With cigarette smoke rising from under a fedora, the murky cityscape in the background, and the scarlet feathered wings, The cover of Something More than Night screams angelic noir mystery.
From 2012 to 2014 I read Tad William’s excellent Bobby Dollar trilogy that kicks off with The Dirty Streets of Heaven. Bobby Dollar is the nickname of the angel Doloriel and the series is a mash up of noir mystery, urban fantasy, and angels. Something More than Night came out in 2013, the same year as the second Bobby Dollar book. It came home as a book club purchase and sat on the shelf for about five years due to the cover. At the time, I was in the middle of an excellent angelic noir and didn’t want to read another while waiting for book three to come out. As a result SMtN got forgotten about until skimming my shelves earlier this month.
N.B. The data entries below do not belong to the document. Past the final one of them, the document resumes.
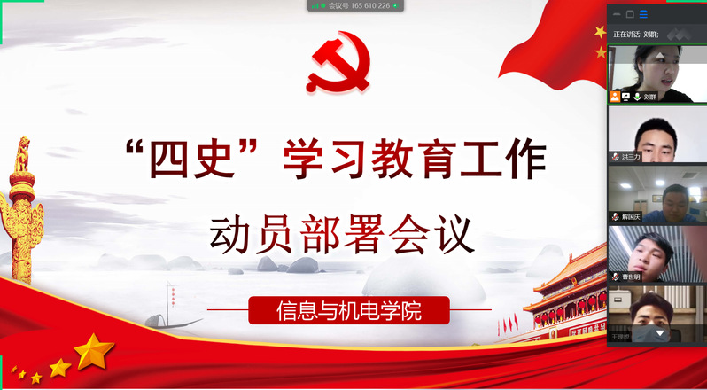 为深入贯彻落实习近平总书记重要讲话精神,按照学校部署,把开展党史、新中国史、改革开放史、社会主义发展史学习教育作为建立不忘初心、牢记使命长效机制。5月20日下午16:00,信息与机电学院党总支通过腾讯会议平台召开了“四史”学习教育工作动员部署会,学院党政班子全体成员、支部书记、师生党员参加了会议。会议由党总支书记刘群老师主持。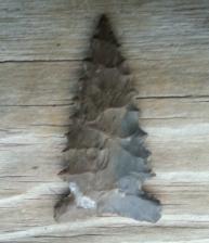 A serrated side notched point made from Dover chert.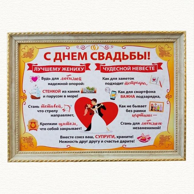 Постер "С днём свадьбы" А4 в рамке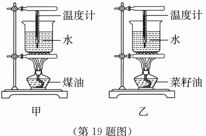 19. (6分) 小明和小辉学习了燃料的热值后,一起设计了一个实验来探究煤油和菜籽油热值的大小关系,他们组装了如图甲、乙所示的装置进行实验,两相同烧杯中水的质量相同,实验记录的结果如表一、表二所示.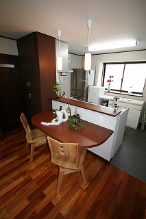 リフォーム後![]() 対面キッチンにはRでデザインした造作テーブルとカウンターを。 |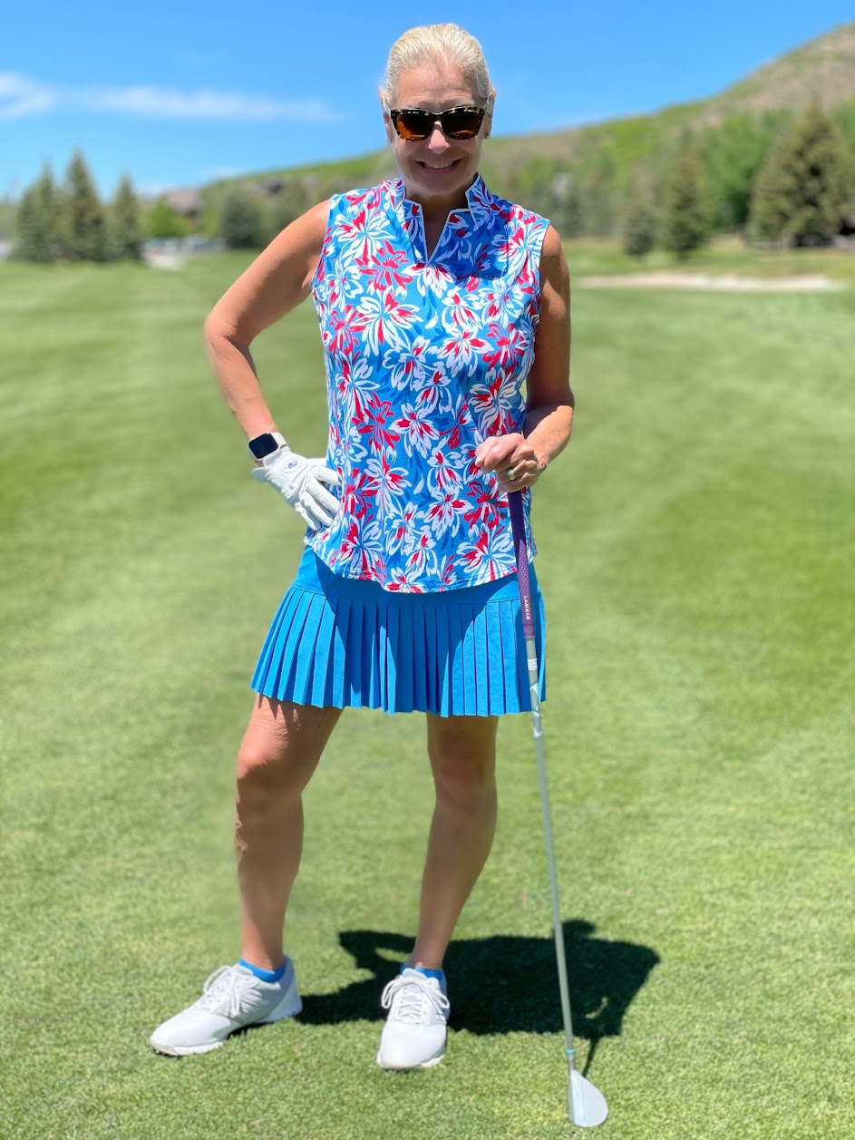 We’ve had beautiful sunny days in Park City, so I’ve been golfing a lot. However, I still play only nine holes with my husband and friends. So today, I am sharing Rum Punch, the latest collection from Jofit. My girlfriend loves how stylish I am on the golf course!

It’s an okay book but two things drove me crazy while reading it and I almost gave up half way through. Of course, that was when the plot finally started to gain traction so I stuck with it. The first thing was the voice of one of the narrators. Bayliss is a minor angel that has been sticking around on Earth due to not wanting to be noticed by the bigger and more powerful forces of Heaven. He presents himself as a 1920s dime novel detective with language to match. Doll and twist for women, tight for getting drunk, pinked for getting murdered, iron or being rodded for guns. The heavy use of this lingo was off putting, perhaps because I would often have to re-read, and gain from context, what Bayliss was saying. As I got further into the book this became less of an issue as I knew the terms by then, but my annoyance didn’t change.
The other thing that was irritating was the word salad Ian Tregillis would throw at the reader.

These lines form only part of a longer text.